NLRB Slams Postal Service For Failure to Bargain over Employee Data Breach
Complaint over Cyber Intrusion Would Set Precedent
April 8, 2015
In a first-of-its-kind complaint, the National Labor Relations Board (NLRB) has cited the Postal Service for failing to bargain with the APWU over last year’s massive data security breach. The incident, which was revealed to the union and employees in mid-November, compromised the personal information of hundreds of thousands of current and former postal employees.
As a result of the cyber intrusion, employees’ Social Security numbers, addresses, dates of birth, and injury claim information were accessed from postal data systems over a period of months. In response, the Postal Service decided unilaterally to offer employees just one year of free credit reporting.

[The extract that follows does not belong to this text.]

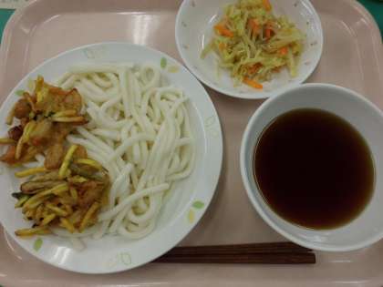 冷やしつけめん・牛乳・あしたばのかきあげ・野菜のカレードレッシング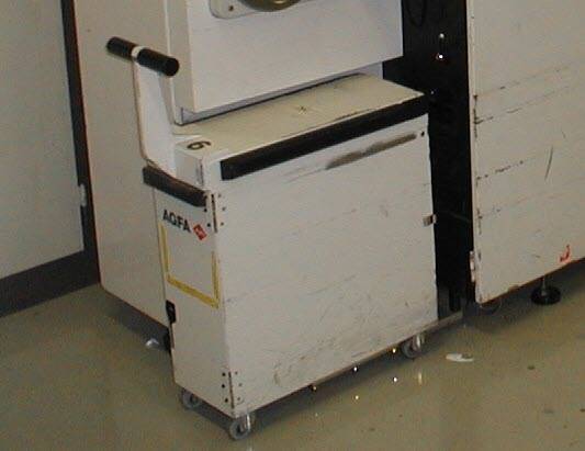 Op de foto rechts zien we 5 banen met fotopapier op een kern in de processor standby om ontwikkeld te worden. (detail: de foto is genomen op de laatste werkdag voordat het lab sloot. We gingen het waste fotopapier ontwikkelen om het zilver in het papier eruit te halen. Onontwikkeld fotopapier valt onder chemisch afval. Daarom dus in het licht.)

Upon learning of the breach from then-Postmaster General Patrick Donahoe, APWU President Mark Dimondstein demanded that the Postal Service bargain with the union over the issue. The APWU also sought information from the Postal Service about the extent of the breach; what postal officials knew; when they knew it, and what they did or failed to do to protect employee information.
The APWU filed the NLRB charge just days after learning of the cyber intrusion, after the Postal Service refused to bargain over management’s response to the breach and failed to respond to the union‘s request for information. At the time, Dimondstein said, “We are outraged that this happened. We do not know at this point whether management did everything in their power to protect our privacy, but they bear the ultimate responsibility.”
The complaint by Region 5 of the NLRB cites the Postal Service for ignoring its legal obligations to bargain with the union.
“By issuing this complaint, the NLRB is recognizing employee rights in the information age,” Dimondstein said.
In a move typically reserved for the most intractable employers, the NLRB is seeking special remedies for the Postal Service’s unlawful acts.
“In view of the extensive history of repeated unfair labor practice violations found by the Board and courts,” the complaint says, the NLRB is seeking an order “to comprehensively address the Postal Service’s violations of the law.”
The special remedies include a video featuring a top postal manager reading an NLRB-drafted notice to employees and an NLRB-imposed bargaining schedule, with regular progress reports and pay for union negotiators.
The Postal Service has until mid-April to answer the complaint. A trial before an NLRB administrative law judge is expected to take place in May in Washington, DC.